TESS MCGLENN, MARGARET MCGLENN, LAUREN ENGLE, KYLIE KAVANAUGH, LILLIAN XISTRIS, ADELINE XISTRIS, SYDNEY MARZ, ANNIE PARENTEAU, GABRIELLE HAUPT, and ALAYNA TUCKER,

Plaintiffs, v.

MADISON METROPOLITAN SCHOOL DISTRICT, OPINION and ORDER DAVID KRUCHTEN, HEIDI TEPP, JOE FANNING,

and JOE BALLAS d/b/a/ JP Public Safety Consulting, 21-cv-683-jdp LLC,

Defendants, and

AUTO-OWNERS INSURANCE COMPANY and COMMUNITY INSURANCE CORPORATION,

Intervenor-Defendants.

Plaintiffs are a group of former students at East High School in Madison, Wisconsin. They are suing David Kruchten (a former East High teacher) for secretly videorecording them— sometimes naked—in hotel rooms during overnight field trips. They also contend that the Madison Metropolitan School District and three of its employees facilitated Kruchten’s conduct. The school district and its employees have filed a document that they call “motion in limine defining garden variety emotional distress damages.” Dkt. 97. For simplicity, the court will refer to these defendants collectively as the school district.
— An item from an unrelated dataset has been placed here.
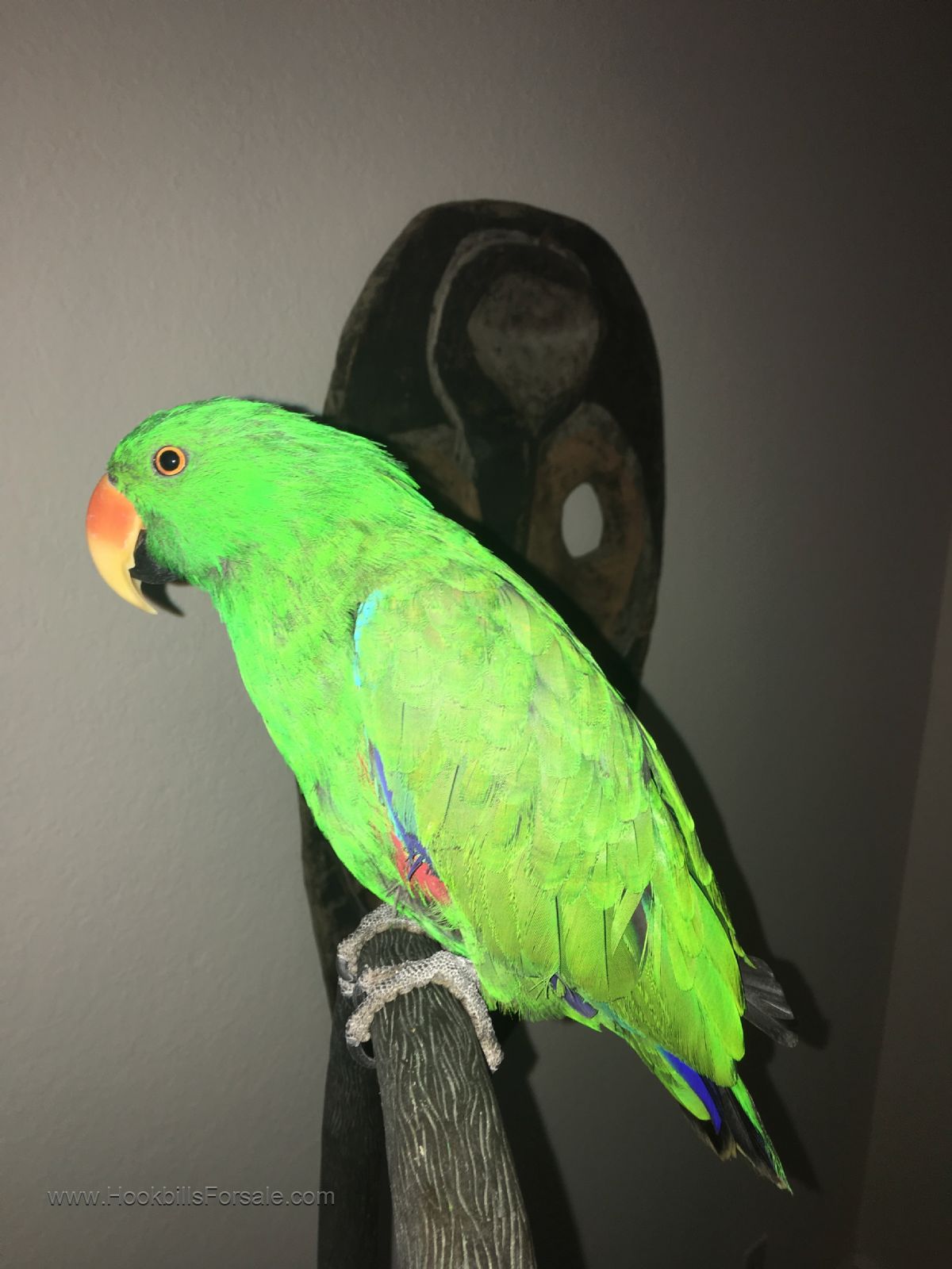 Wasabi is a sweet, affectionate young Eclectus who is very attached to his human 'flock.' He is comfortable with all members of the household including other pets, however he seems to prefer the ladies of the house. He says a minimum number of words, but loves to chatter and sing in the mornings outside on his perch. He often mimics other birds he hears outside, too. He is a healthy, good eater who enjoys sharing meals and relaxation time with his humans. He loves to perch on your shoulder and take rides in the car. He is most content just to be perched in the same room where you are.

In its motion, the school district says that five of the plaintiffs—Lauren Engle, Margaret McGlenn, Tess McGlenn, Gabrielle Haupt, and Alayna Tucker—do not wish to produce medical records relating to their mental health, and they do not wish to submit to a mental health examination.1 The other plaintiffs are not at issue in the school district’s motion, so the court will refer to the five as simply “plaintiffs.”
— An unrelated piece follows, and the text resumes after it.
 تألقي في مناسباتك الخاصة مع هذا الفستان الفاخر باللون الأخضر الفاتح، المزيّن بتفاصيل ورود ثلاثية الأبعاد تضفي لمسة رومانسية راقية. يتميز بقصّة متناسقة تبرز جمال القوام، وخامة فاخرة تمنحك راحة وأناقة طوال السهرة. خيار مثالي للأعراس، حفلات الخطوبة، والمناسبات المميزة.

The school district does not object to plaintiffs’ proposed limitation on discovery, so long as plaintiffs’ evidence on emotional distress damages is limited to “garden variety emotional distress.” Plaintiffs agree with this limitation in principle, but the parties seek guidance from the court on what “garden variety emotional distress” means and the type of evidence that will be admissible to support or oppose it. The school district proposes a five- paragraph order on the issue, and plaintiffs propose a jury instruction. The court will not adopt either the proposed order or the proposed jury instruction, neither of which identify specific evidence that will be admissible or inadmissible. But the court

will provide guidance on “garden variety emotional distress” to assist the parties in discovery and preparing for trial.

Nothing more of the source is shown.